As a participant in the largest collaborative art exhibit ever undertaken in Southern California, the Ruth Chandler Williamson Gallery of Scripps College will present Clay’s Tectonic Shift: John Mason, Ken Price, and Peter Voulkos, 19561968, from January 21–April 8, 2012. An opening reception will be held at the gallery on January 21 at 7 p.m. The exhibition and reception are free and open to the public. There will be light refreshments and live music at the event.

On that same day, at 3 pm, Barbara Haskell, curator at the Whitney Museum of American Art, will give a keynote talk at the Garrison Theater, on the Scripps campus.
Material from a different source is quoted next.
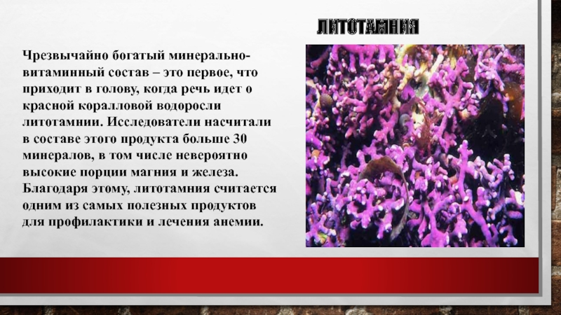 когда речь идет о красной коралловой водоросли литотамнии. Исследователи насчитали в составе этого продукта больше 30 минералов, в том числе невероятно высокие порции магния и железа. Благодаря этому, литотамния считается одним из самых полезных продуктов для профилактики и лечения анемии.
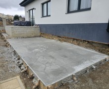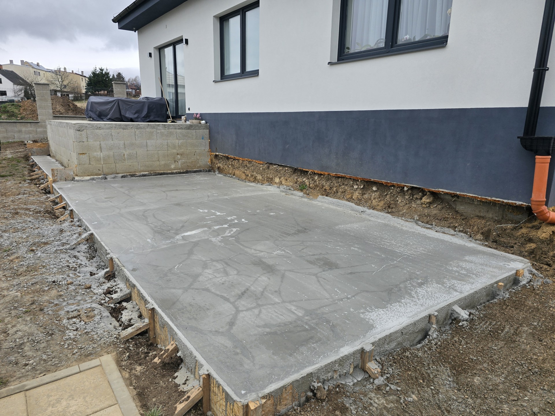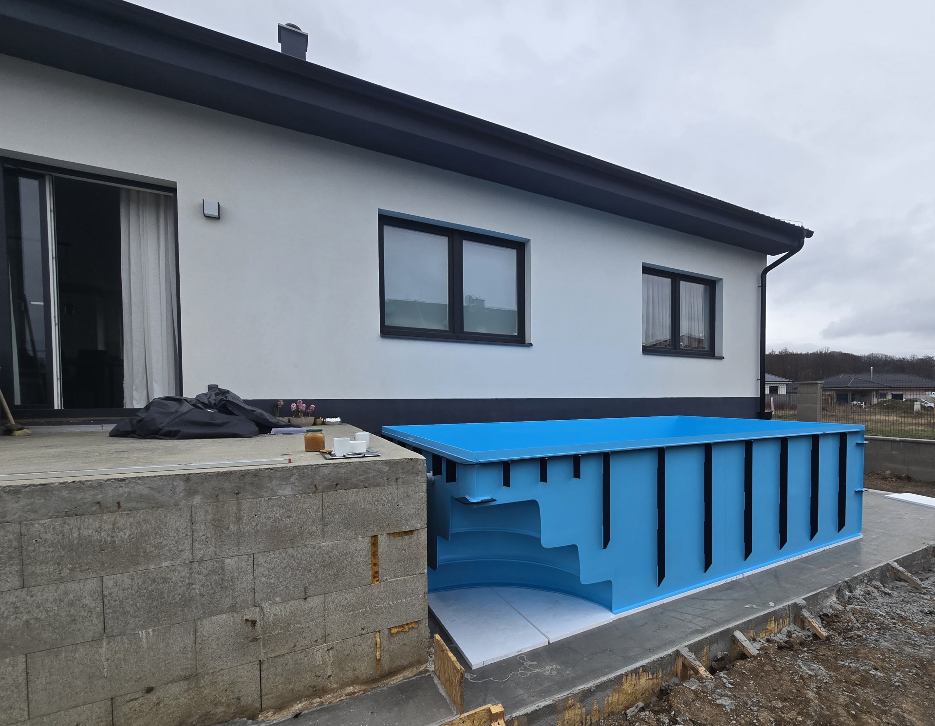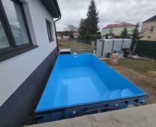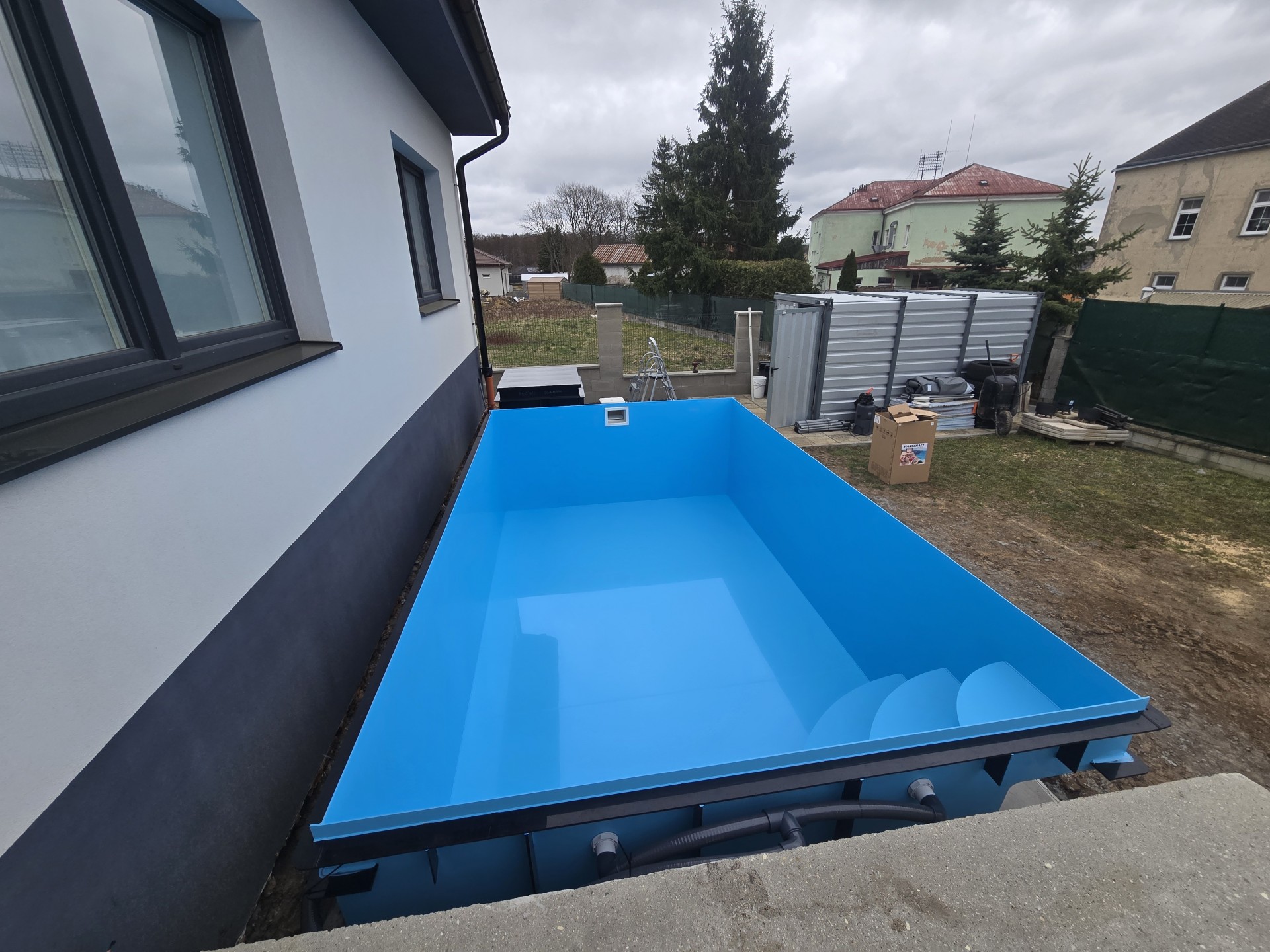 Z hákazní si objednal hranatý modrý bazén na míru 4,5 x 2,7 x 1,2 a umístil ho nad zem zároveň s terasou a vše následně obestaví betonem a kamennou zdí.

Barbara Haskell was an integral part of the Los Angeles art scene during the sixties, and organized a John Mason solo exhibition at the Pasadena Art Museum.

In addition, the gallery will celebrate Clay’s Tectonic Shift by holding Clay Days, on February 18 and 19, from 1 to 5 pm, with music, dance performances, and clay activities, in the Bixby Courtyard, adjacent to the gallery. There will also be a panel discussion in conjunction with the exhibition.  Artists John Mason, John Baldessari and Billy Al Bengston and panel moderator Hunter Drohojowska-Philp will hold that discussion at the Writers Boot Camp in Santa Monica, on February 22, from 7 to 9 pm. The theme is unexpected connections and intersections in the LA art scene. Please call 909-607-3397 to RSVP for the panel discussion.

In Clay’s Tectonic Shift, the Williamson focuses on three of the most innovative and dynamic artists of the era, whose work forever changed the way ceramics would be regarded. This shift in perspective came about during the era the Getty initiative highlights in “Pacific Standard Time: Art in L.A. 1945–1980,” a celebration of the vivid post-World War II art scene in Los Angeles.

Los Angeles was the site of a “revolution in clay” in which a small group of artists challenged studio pottery’s traditional focus on utilitarian ware to create sculptural forms. The exhibition and catalog, Clay’s Tectonic Shift, focus on three artists—Mason, Price and Voulkos—who, in the late 1950s and 1960s, emerged as sculptors, creating new works in clay that claimed equal footing with art in other media. Although each of these sculptors has been featured in solo shows or larger group exhibitions, this project is the first to feature their work together through key pieces that mark their emerging sculptural styles from 1956 to 1968.

Dr. Mary MacNaughton, director of the Williamson Gallery, described the concept behind the exhibition and catalog: “Mason, Price, and Voulkos changed the conversation in ceramics from craft to art, creating fired-clay sculpture that was unprecedented in ambition and originality. The exhibition presents important works in this development. These three artists were the catalysts for a new ceramic scene and a definitive shift in the way ceramics were understood. From that point until the present day, clay has simply never been viewed in the same way again.”

The exhibition features a catalog, edited by Mary Davis MacNaughton, with essays by Michael Duncan, Frank Lloyd, Mary MacNaughton, Suzanne Muchnic, and Karen Tsujimoto. Peter Plagens contributed the foreword to the publication.

With its superb Marer Collection of modern American ceramics, and the longest-running contemporary ceramics exhibition in the nation, the Ceramic Annual, Scripps College is uniquely positioned to focus on the pivotal role that ceramics played after World War II.